§ DATA RECORDS:
====================

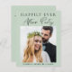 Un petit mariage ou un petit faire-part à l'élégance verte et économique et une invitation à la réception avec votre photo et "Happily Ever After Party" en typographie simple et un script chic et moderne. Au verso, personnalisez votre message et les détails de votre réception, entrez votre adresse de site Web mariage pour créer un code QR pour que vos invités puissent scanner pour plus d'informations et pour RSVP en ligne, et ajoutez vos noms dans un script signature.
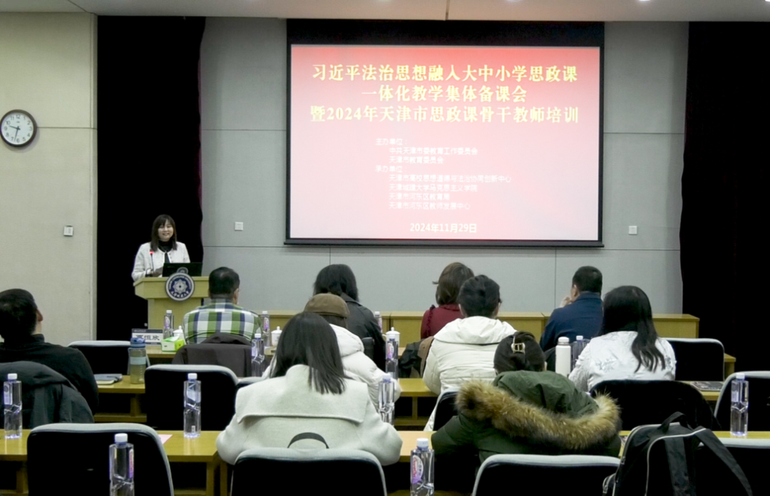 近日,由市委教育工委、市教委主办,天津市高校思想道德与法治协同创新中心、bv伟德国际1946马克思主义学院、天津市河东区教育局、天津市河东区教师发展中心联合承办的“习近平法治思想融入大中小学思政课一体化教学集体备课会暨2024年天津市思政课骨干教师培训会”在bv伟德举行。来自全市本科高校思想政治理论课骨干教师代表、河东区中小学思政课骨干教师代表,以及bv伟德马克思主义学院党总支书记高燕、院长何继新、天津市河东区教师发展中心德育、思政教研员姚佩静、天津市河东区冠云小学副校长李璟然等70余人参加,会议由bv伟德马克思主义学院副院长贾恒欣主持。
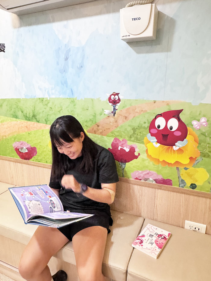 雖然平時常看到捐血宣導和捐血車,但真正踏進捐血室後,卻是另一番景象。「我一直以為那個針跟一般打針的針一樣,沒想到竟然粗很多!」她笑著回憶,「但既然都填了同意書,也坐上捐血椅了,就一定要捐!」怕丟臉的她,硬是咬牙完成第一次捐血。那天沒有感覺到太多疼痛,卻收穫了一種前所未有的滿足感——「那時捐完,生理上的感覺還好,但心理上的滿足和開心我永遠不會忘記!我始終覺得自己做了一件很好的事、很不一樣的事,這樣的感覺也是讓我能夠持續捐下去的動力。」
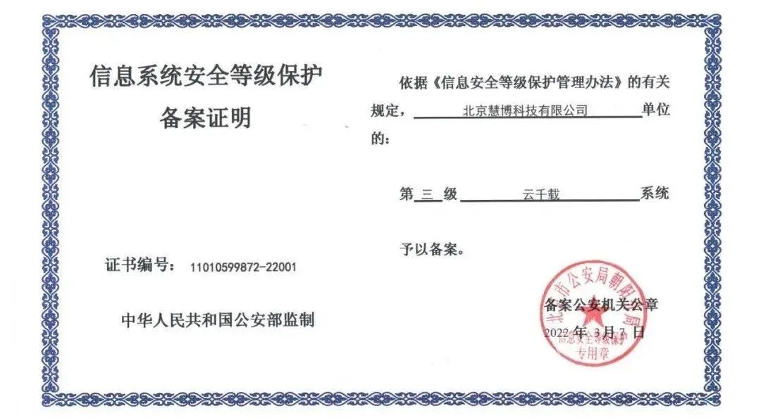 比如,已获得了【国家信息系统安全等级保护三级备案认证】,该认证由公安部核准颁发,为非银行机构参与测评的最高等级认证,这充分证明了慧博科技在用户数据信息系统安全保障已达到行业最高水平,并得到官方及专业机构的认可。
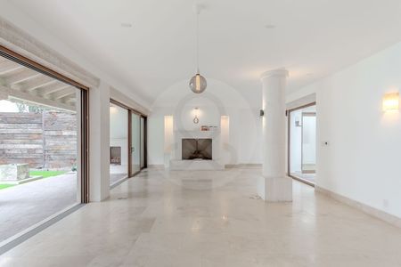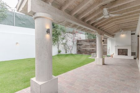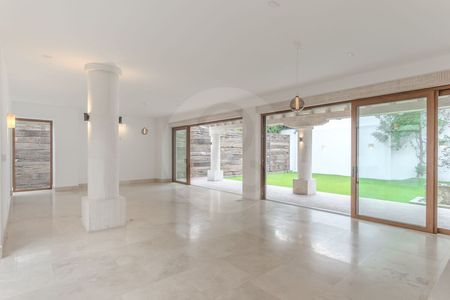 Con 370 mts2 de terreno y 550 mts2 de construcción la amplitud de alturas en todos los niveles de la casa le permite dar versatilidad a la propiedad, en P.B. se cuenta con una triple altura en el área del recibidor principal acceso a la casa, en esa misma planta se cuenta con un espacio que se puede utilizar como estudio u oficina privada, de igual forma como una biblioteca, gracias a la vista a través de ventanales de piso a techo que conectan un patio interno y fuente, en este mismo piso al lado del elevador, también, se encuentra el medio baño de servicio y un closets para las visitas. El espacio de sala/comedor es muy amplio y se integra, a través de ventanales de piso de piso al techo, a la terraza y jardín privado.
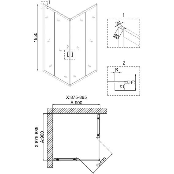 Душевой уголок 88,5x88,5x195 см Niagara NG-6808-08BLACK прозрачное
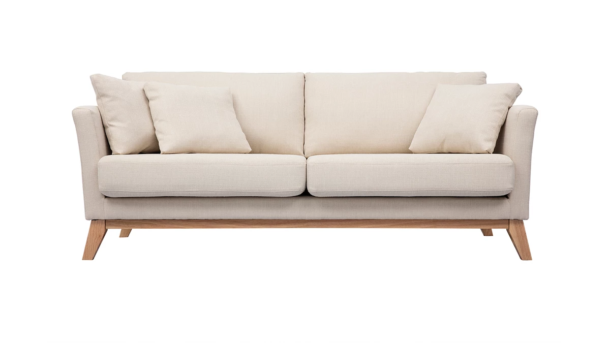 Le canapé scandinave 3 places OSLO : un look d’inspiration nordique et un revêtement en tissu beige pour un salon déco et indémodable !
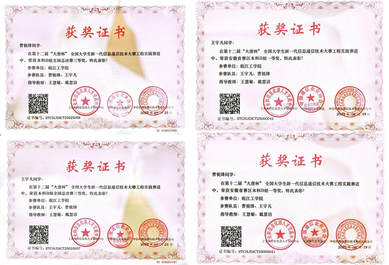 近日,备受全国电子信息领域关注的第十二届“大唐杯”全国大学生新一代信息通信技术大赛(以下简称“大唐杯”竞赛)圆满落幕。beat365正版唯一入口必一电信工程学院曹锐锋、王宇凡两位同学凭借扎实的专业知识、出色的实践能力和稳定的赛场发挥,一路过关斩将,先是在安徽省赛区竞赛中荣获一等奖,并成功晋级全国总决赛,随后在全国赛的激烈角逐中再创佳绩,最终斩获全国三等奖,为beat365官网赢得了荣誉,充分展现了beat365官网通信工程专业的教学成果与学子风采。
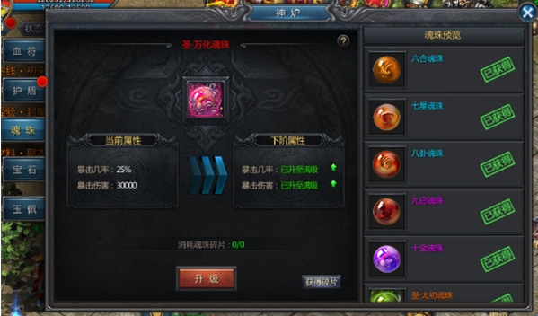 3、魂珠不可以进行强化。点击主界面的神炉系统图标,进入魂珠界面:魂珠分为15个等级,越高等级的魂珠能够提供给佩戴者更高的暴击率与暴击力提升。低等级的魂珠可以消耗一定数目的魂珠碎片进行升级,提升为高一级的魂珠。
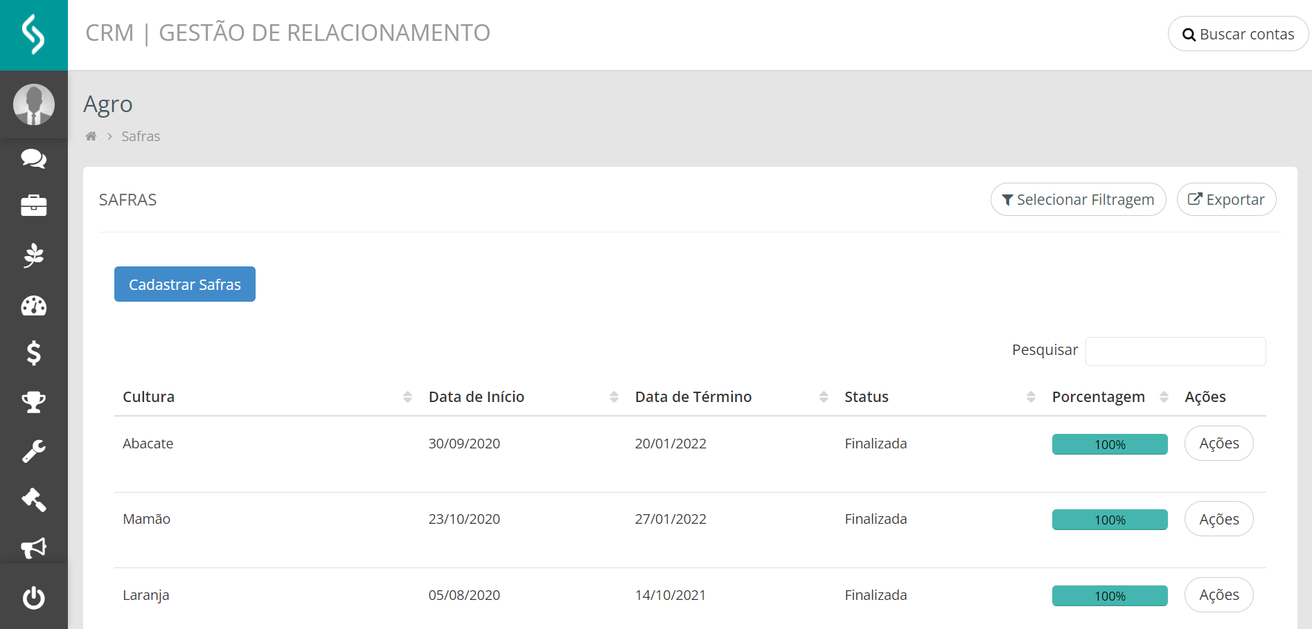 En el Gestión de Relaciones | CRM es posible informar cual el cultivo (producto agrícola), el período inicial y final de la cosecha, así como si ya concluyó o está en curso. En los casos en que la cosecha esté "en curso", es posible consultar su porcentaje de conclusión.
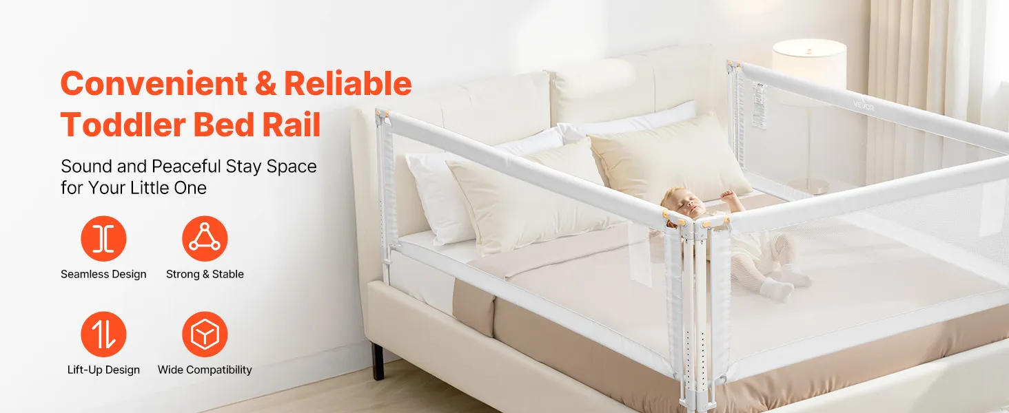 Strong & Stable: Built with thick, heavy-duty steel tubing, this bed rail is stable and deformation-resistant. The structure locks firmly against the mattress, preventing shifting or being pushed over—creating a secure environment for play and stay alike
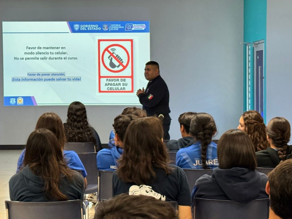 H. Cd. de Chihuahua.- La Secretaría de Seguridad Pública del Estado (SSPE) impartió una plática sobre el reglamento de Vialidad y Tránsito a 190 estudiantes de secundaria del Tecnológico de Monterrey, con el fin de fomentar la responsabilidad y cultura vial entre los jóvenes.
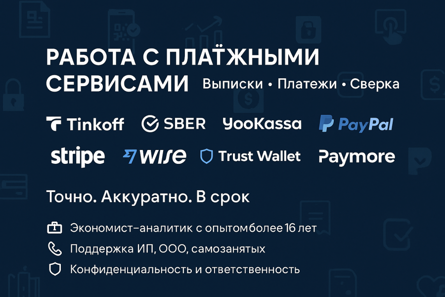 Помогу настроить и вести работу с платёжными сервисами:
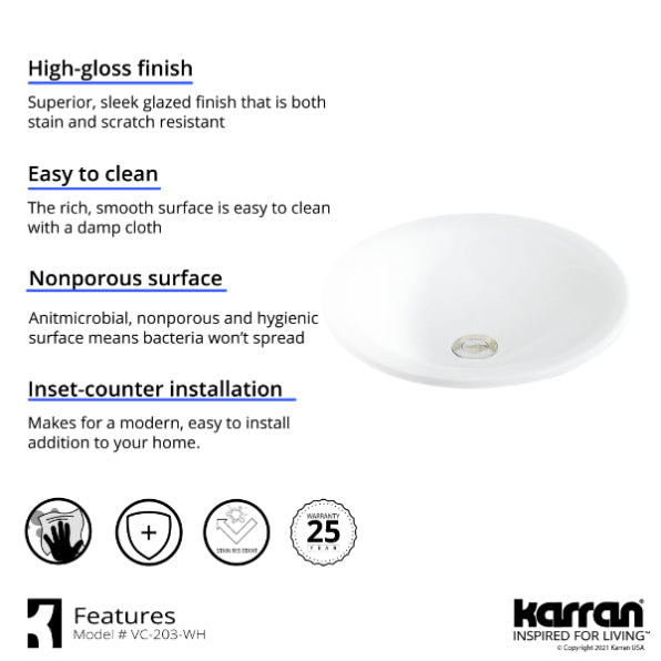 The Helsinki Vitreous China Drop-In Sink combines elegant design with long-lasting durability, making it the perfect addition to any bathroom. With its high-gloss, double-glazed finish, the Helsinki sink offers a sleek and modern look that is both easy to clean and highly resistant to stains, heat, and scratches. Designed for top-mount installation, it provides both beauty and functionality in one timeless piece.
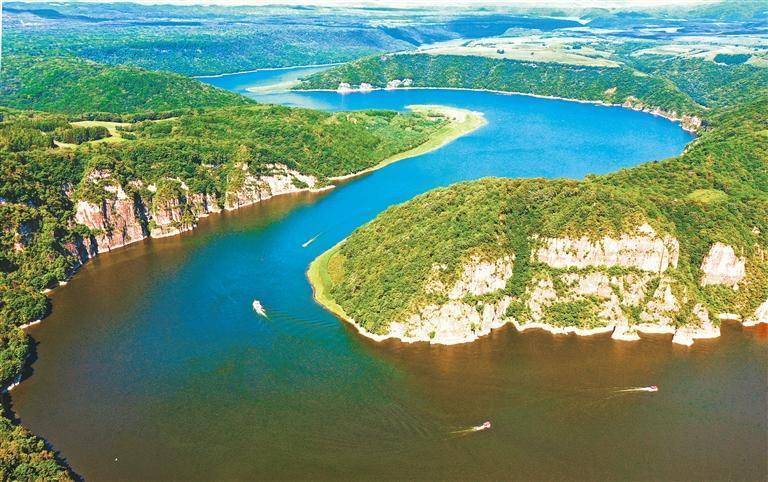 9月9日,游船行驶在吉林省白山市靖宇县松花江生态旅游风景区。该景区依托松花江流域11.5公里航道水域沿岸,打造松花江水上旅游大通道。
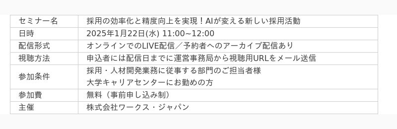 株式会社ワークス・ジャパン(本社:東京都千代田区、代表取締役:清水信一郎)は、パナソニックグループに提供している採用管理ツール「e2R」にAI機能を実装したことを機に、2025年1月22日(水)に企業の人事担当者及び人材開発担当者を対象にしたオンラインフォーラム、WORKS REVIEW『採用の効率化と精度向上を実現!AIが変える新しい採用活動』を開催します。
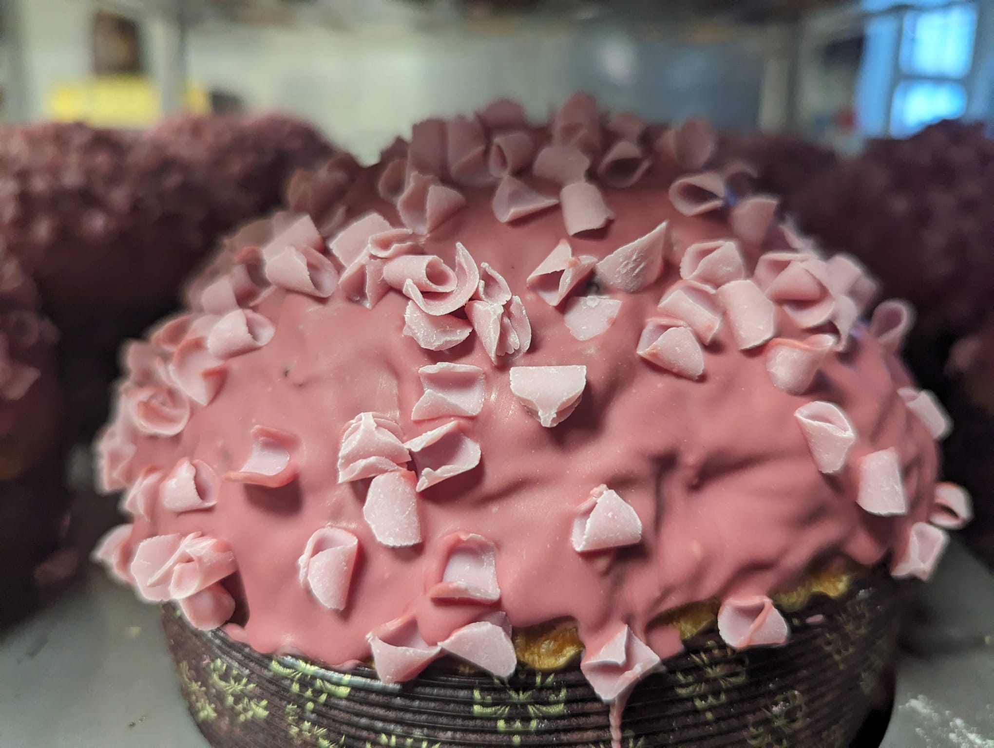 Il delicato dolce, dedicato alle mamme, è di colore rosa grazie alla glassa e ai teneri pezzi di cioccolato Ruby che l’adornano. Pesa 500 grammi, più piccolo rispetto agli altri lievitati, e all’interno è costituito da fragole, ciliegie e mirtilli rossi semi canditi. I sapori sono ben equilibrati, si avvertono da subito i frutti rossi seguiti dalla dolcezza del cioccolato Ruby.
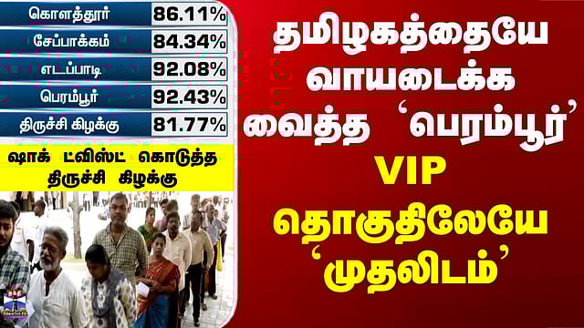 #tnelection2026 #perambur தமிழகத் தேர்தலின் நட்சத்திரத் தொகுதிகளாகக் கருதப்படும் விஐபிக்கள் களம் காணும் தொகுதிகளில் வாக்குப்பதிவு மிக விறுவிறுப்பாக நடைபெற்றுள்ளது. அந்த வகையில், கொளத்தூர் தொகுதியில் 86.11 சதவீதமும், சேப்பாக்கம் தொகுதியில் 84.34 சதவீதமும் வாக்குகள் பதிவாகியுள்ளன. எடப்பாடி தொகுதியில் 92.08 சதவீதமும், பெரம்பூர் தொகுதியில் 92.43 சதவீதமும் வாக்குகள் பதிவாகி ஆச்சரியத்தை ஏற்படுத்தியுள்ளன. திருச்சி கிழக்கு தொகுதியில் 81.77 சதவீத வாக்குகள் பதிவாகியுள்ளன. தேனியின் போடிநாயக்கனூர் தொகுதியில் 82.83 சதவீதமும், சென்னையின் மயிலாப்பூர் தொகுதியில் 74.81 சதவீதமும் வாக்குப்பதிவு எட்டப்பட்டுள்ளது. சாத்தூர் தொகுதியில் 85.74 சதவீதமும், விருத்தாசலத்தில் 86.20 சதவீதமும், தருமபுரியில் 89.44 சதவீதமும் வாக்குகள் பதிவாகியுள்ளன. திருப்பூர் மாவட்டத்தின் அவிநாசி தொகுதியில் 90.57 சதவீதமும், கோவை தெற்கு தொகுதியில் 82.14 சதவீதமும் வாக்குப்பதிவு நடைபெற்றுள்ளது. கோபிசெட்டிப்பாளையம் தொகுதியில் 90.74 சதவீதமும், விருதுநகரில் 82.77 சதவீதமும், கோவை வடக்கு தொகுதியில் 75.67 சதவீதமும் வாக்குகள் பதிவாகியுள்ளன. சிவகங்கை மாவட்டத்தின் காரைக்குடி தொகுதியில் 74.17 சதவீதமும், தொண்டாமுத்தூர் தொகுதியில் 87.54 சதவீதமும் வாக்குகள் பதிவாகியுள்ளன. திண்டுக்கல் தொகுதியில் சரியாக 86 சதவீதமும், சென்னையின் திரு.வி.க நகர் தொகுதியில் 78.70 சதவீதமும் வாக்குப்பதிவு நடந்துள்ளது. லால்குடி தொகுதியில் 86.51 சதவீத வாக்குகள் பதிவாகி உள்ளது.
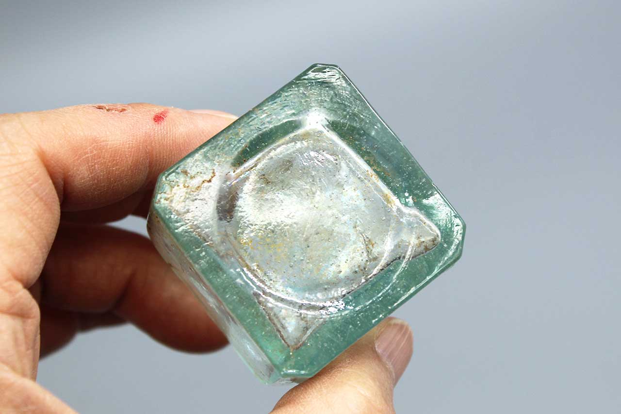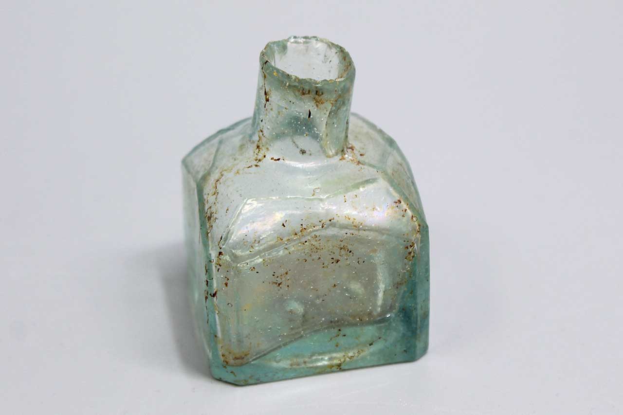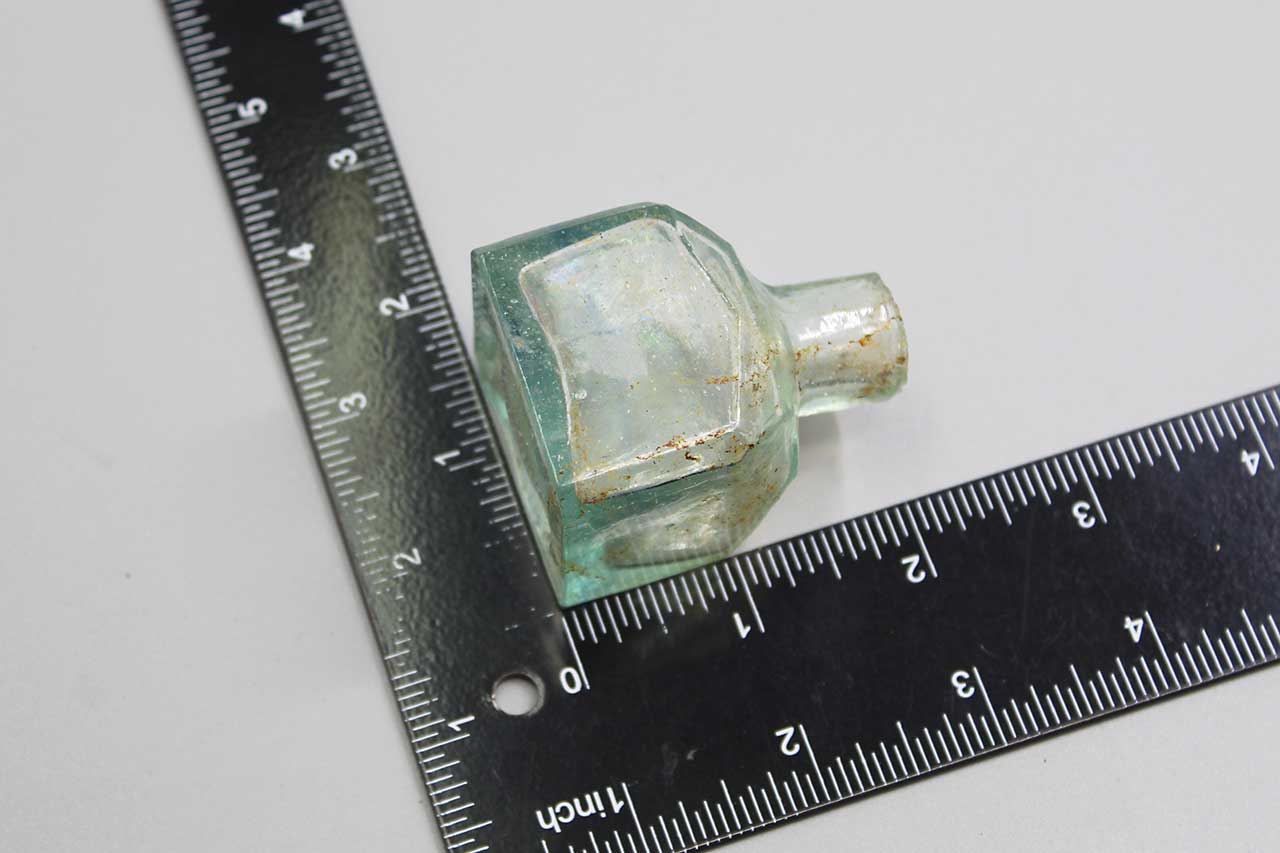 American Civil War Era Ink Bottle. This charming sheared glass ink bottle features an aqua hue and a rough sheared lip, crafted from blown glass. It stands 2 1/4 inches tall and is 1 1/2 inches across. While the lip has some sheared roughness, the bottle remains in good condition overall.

====================

§ WHAT IS BEING ASKED: Skipping every picture, transcribe exactly the lines above from the one containing "3、魂珠不可以进行强化。点击" through the one containing "En el Gestión", both included.

§ EXERCISE SOLUTION:
 3、魂珠不可以进行强化。点击主界面的神炉系统图标,进入魂珠界面:魂珠分为15个等级,越高等级的魂珠能够提供给佩戴者更高的暴击率与暴击力提升。低等级的魂珠可以消耗一定数目的魂珠碎片进行升级,提升为高一级的魂珠。
 En el Gestión de Relaciones | CRM es posible informar cual el cultivo (producto agrícola), el período inicial y final de la cosecha, así como si ya concluyó o está en curso. En los casos en que la cosecha esté "en curso", es posible consultar su porcentaje de conclusión.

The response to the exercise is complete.